I have a few graphs and some maths (see attachments) to see if I have a good grasp of these characteristic curves.
At the top of page 61, Hunt talks about how light from the screen which is reflected by the room back to the screen (viewing flare), can alter the appearance of the image. In particular, a darker image will throw less light off the walls:
hence the viewing flare will decrease somewhat… and the effective gamma will rise at high densities.
Well, I don't always believe your man Hunt, and since he previously hadn't explained why the gamma rises at high densities if there is less viewing flare, I wanted to prove it myself (attachments).

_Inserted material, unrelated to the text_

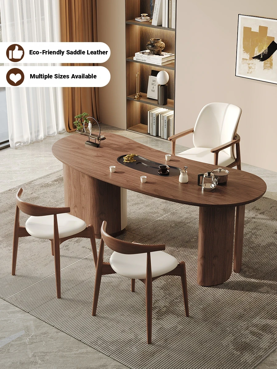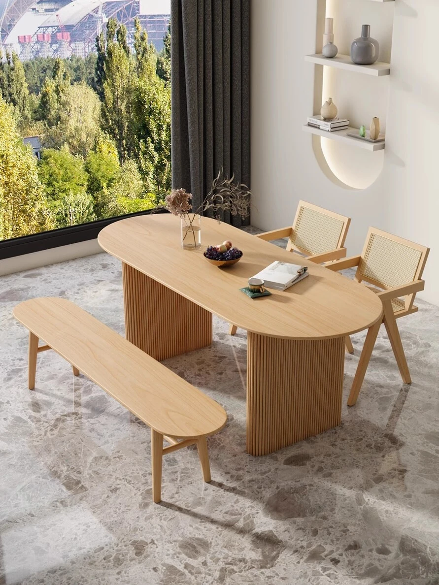 Japanese-Style Solid Wood Dining Table Set - Oval Shabby Chic Design for Cozy Small Homes, Balcony, Rustic Book & Tea Table, Versatile Workspace Desk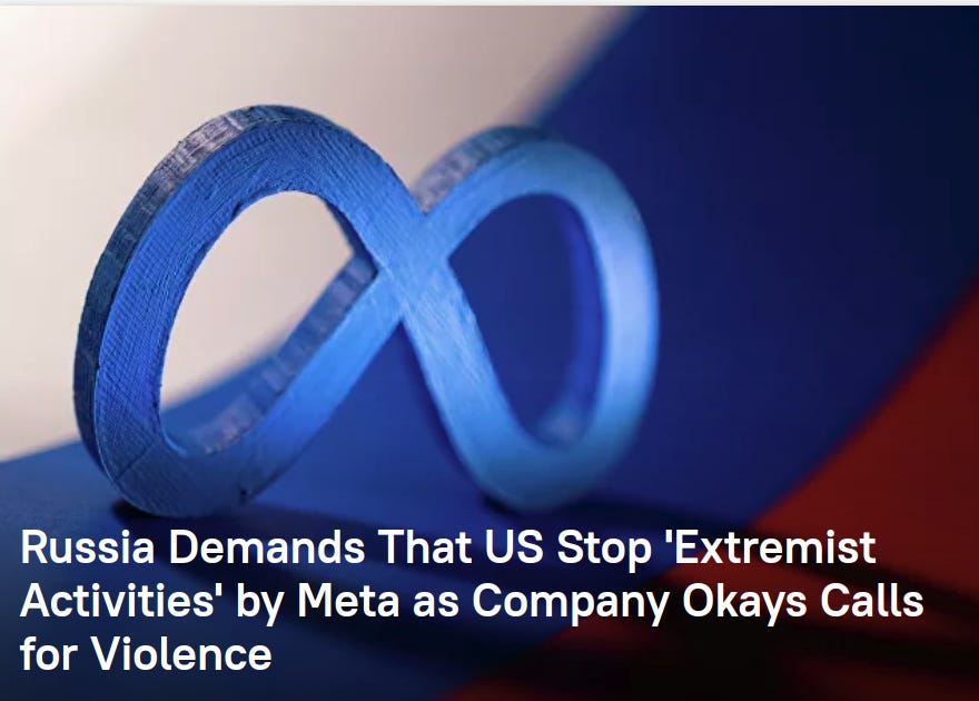 This comes after Meta spokesperson Andy Stone stated that as a result of what he dubbed "the Russian invasion of Ukraine", Meta has "temporarily made allowances for forms of political expression that would normally violate" its rules "like violent speech such as 'death to the Russian invaders'".

Leaving the maths to one side for the moment, I assume that if there is less viewing flare, then darker parts of the image which would have previously been washed out, will now show visible detail, and in some way the gamma is thereby increased. On the other hand, because the surround is now darker, that should mean a slight decrease in effective gamma (the darker the surround, the more gamma has to be increased to compensate). I assume the former effect overwhelms the latter.
In the attachments, I have drawn a graph similar to Fig 6.12, then tried to work out what would be the effect of adding viewing flare of 5% and 2%. If my maths is correct, the effect is just as Hunt says it would be: in going from 5% to 2% (a reduction in viewing flare) the on-screen gamma increases.
I'll never doubt your man again.